Metal is a chameleon, of sorts. It's a genre that, perhaps more than the others, can take on different shapes and colors to fit your taste. It can blend in when needed, resulting in a few tremendous style mash-ups. Atoma incorporated electronic elements into their doom-centric sound, and Tengger Cavalry have made Mongolian metal a world-wide, newsworthy item. For Al-Namrood, the fusion of Middle Eastern instrumentation and blackened metal makes perfect sense both artistically and stylistically. After all, metal has taken many cues from world music, merging ancient history and folklore with heavy instruments to form an entirely new sound. On Diaji Al Joor, the band looks to push that sound forward, and carve out a place for themselves in a new and exciting circle of musical acts.
Inevitably, there is one thing that stands out early in a listening experience, and that becomes the focus of your adoration or disappoint. The early instrumentals are beautifully done, laying all of the cards on the table. They are a mission statement; here's what we do best, and here's what it sounds like in our minds. A well balanced mix of thumping drums and plucked strings emerges, almost as if every band you've ever heard incorporated those same elements. They just sound so right. Then, something changes; the vocals happen. Unpolished would almost seem like an upgrade, as the vocal lines feel somehow detached from the rest of the mix. It isn't a matter of a language barrier, though, as much as it is the actual recording of the layer itself. It's almost as if the album had been completed, and the vocals were tacked on just before the release. Again, it doesn't speak to the content, but the overall production. The first time through Hawas Wa Thuar tells the entire story, will the disconnect sitting right in the forefront of the mix.

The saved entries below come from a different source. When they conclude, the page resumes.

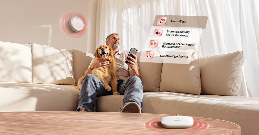 Während der Deckenmelder einen 85-dB-Alarm auslöst, ertönt an der SBS50-Basisstation gleichzeitig ein 100-dB-Warnsignal. Noch bevor Sie den Rauch bemerken, erhalten Sie eine Push-Benachrichtigung direkt auf Ihr Smartphone – für maximale Sicherheit, selbst wenn Sie nicht zu Hause sind.
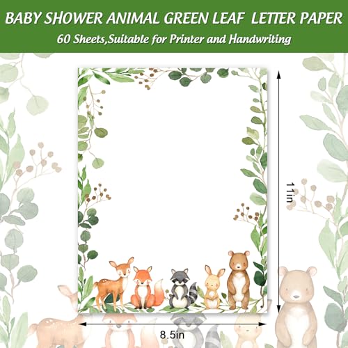 Specification: AnyDesign 60 Sheets Baby Shower Stationery Letterhead Paper Woodland Forest Animal Letter Paper Writing Paper Notes for Birthday Invitation Printing, 8.5 x 11 Inch, Single-Sided
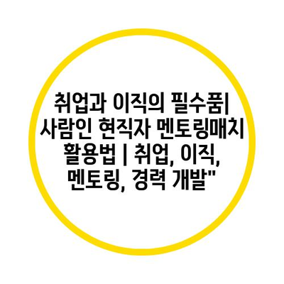 취업과 이직의 필수품| 사람인 현직자 멘토링매치 활용법 | 취업, 이직, 멘토링, 경력 개발”에 대해 자주 묻는 질문 TOP 5
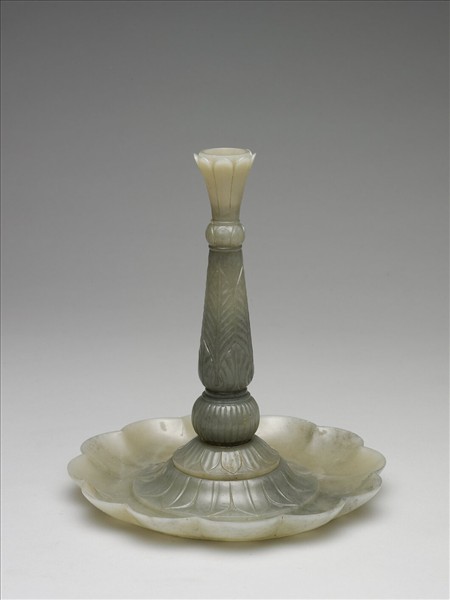 玉質,琢一頗為氣派的燭台。下方大托盤琢作簡單厚實的花瓣。長柱分六截,多琢葉紋,第一、二、五、六截的葉紋已圖案化,顯得僵硬。第四截雕垂直弦紋。第三截最長,雕一排長葉、一排短葉。葉子的外輪廓較為平順。過去的出版品中稱此件為「燈檠」,在某些波斯繪畫中見到類似的細高燭臺,故改稱之為燭臺。
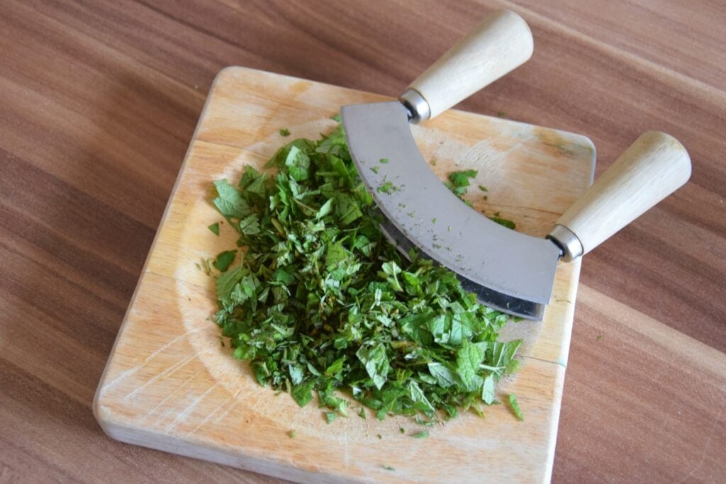 Um die Tinktur herzustellen, schneidest oder reißt du die frischen Pflanzenteile in kleine Stücke. Achte hierbei darauf, dass du nur gesundes Pflanzenmaterial verwendest.

From that moment on, you're immersed in a fight you didn't expect, and probably didn't want. You shift your focus, hoping you can simply remove the vocal track in your mind and enjoy the swirling melody below. But, try as you may, it simply doesn't happen. When the tracks change gears and go completely voice free, you can enjoy all of the small and separate elements that go into making this partnership work. It's wholly Middle Eastern, an easily recognizable style that permeates the entirety of the album. That tone is joined by periods of black metal insanity and death metal power. And then, all at once, you lose it again. Even the most structurally and sonically pleasing songs - Ya Le Taasetekum comes to mind - are reduced to something else entirely once the off-key, off kilter chanting comes in. It feels ill-timed, like they missed the given cue by a fraction of a second or more. But more than that, it simply doesn't fit, like putting flame decals on an Aston Martin. You spend more time trying to ignore the vocals than you do enjoy the rest of mix, and that is the type of attention draining pairing that usually results in prematurely stopping a record.
By and large, the marriage of musical styles works here, as the Middle Eastern instruments play silver lining to the gray clouds of the more traditional metal aspects. But they aren't buried, nor are they an afterthought, added in to gain some sort of wide appeal. Each and every appearance not only adds something different to the individual track, but it often elevates it in a way that must be marked as significant for the album which, otherwise, would be a fairly standard effort. Sadly, it's the vocal lines that pull down the overall aesthetic of the record. How they were recorded and in what setting is outside our range of knowledge in this case, but the noticeable separation between instrumental and vocal is distracting. It's a shame, really, as removing the vocals completely would leave the album standing as a nearly perfect foray into the growing world of unique ethnically inspired metal. The bright spots shine through, but the oral dust clouds on Diaji Al Joor leave it hard to endure.